Hopefully, that softens the blow that rates have ticked up this week on some mildly stronger than expected data. The 10 yr has backed up 25bps and mortgage are off about twice that.
Bond traders though are increasingly convinced that the inversion in US Treasury yields is headed toward normalizing, though how and why this happens will mean volatility will continue. Why is this important? Well first, the question being asked is whether yields will sink on the short-end of the curve as rate cuts emerge, or whether 10-year yields will rise more in a higher-for-longer scenario. The Federal Reserve continues to push back against current wagers for rate cuts, with Raphael Bostic the latest to urge caution given the global uncertainty overshadowing 2024. Second, the un-inversion of bond yields is typically the start of a recession. That is most often when the short-term rates drop below the long terms rates so if the un-inversion happens with long term yields rising, this may have the same result. The Fed’s Austan Goolsbee and Mary Daly are due to speak on Friday.

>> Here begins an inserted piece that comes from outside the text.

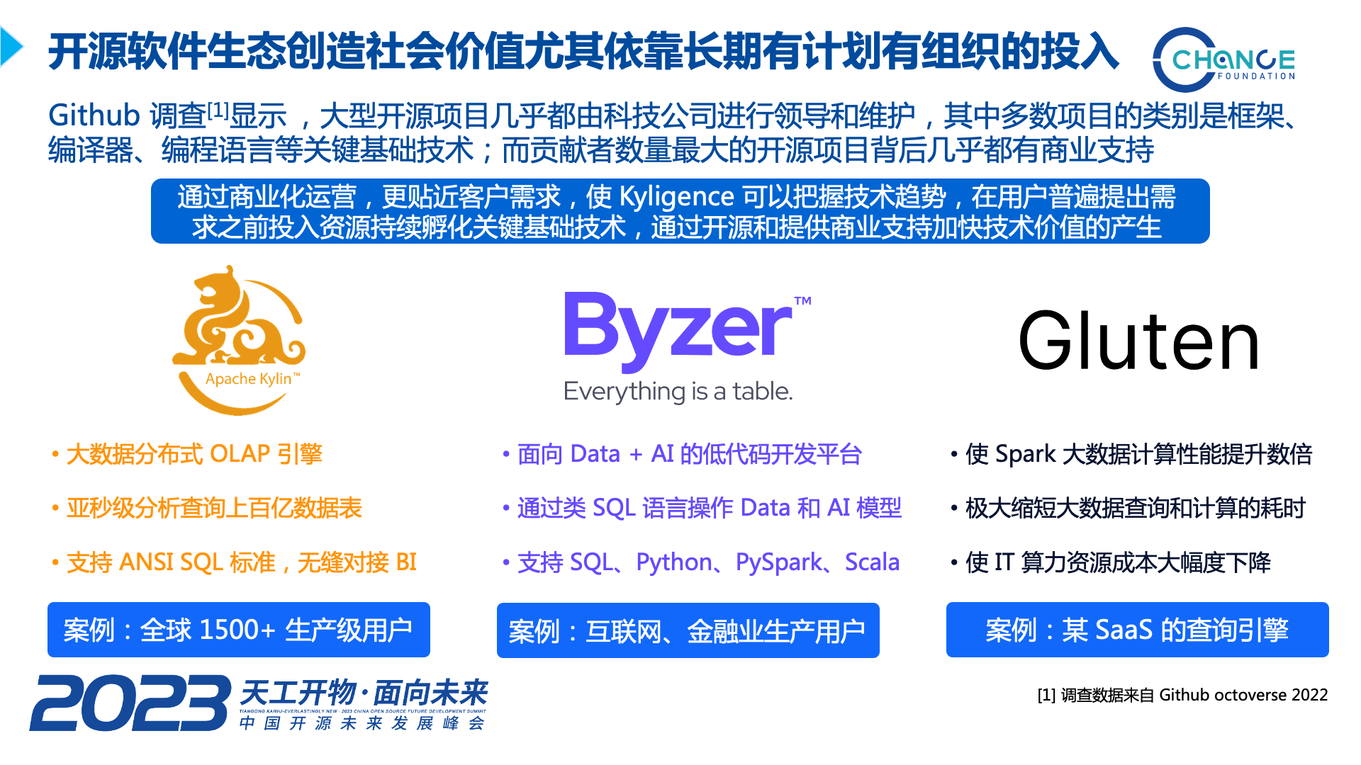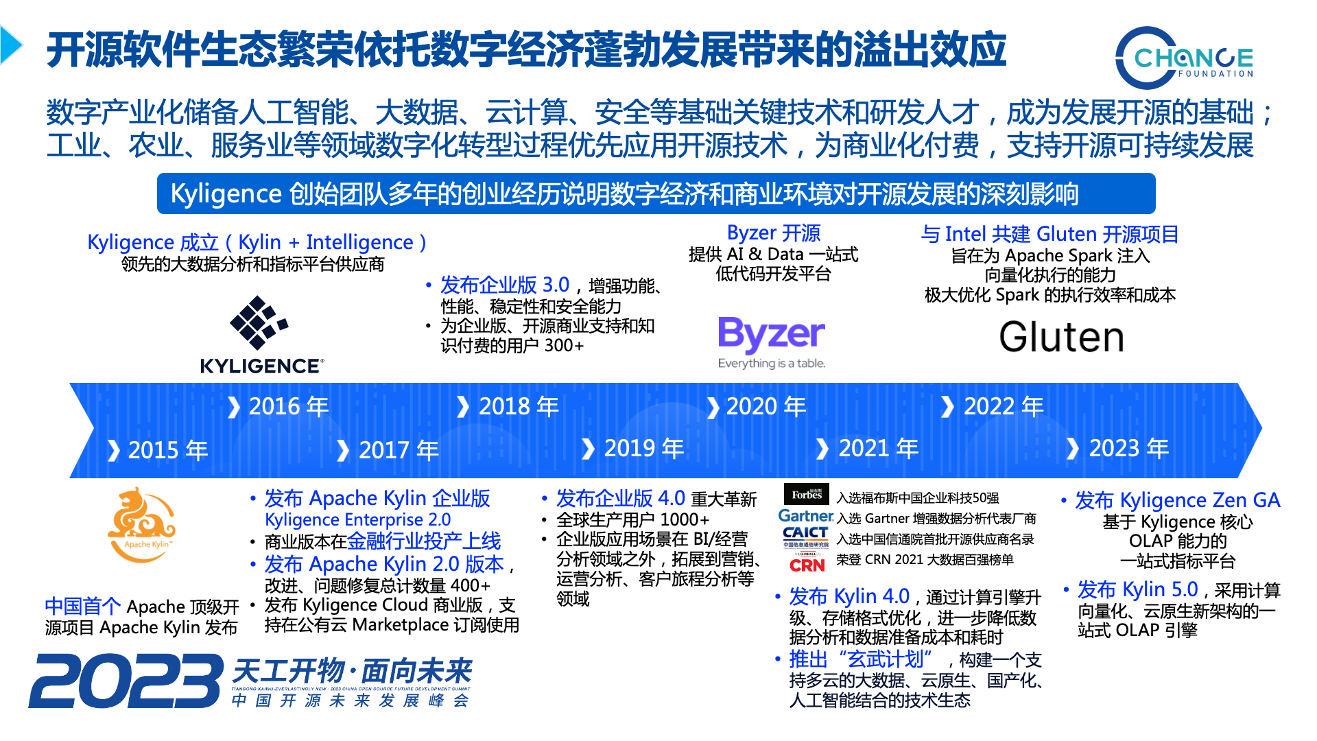 Apache Kylin 和 Kyligence 发展较为成熟,不过这也仅仅是无数开源和开源商业化力量之一,开源和其背后的商业化是驱动各领域数字化变革的重要力量,大力发展这些力量有十分重大的意义和价值。

Despite the trajectory of interest rates being our number one concern, Central Bankers and Business Leaders have shifted their focus to Global safety as the most important economic driver. Specifically, wars in Ukraine and Israel, terrorist activity in the Red Sea and uncertainty in Taiwan are seen as having the most impact on the global economy this year.
That all said, the public expects rates to drop…
That’s a wrap for today.
Please remain safe and healthy, enjoy the weekend and first, make today great!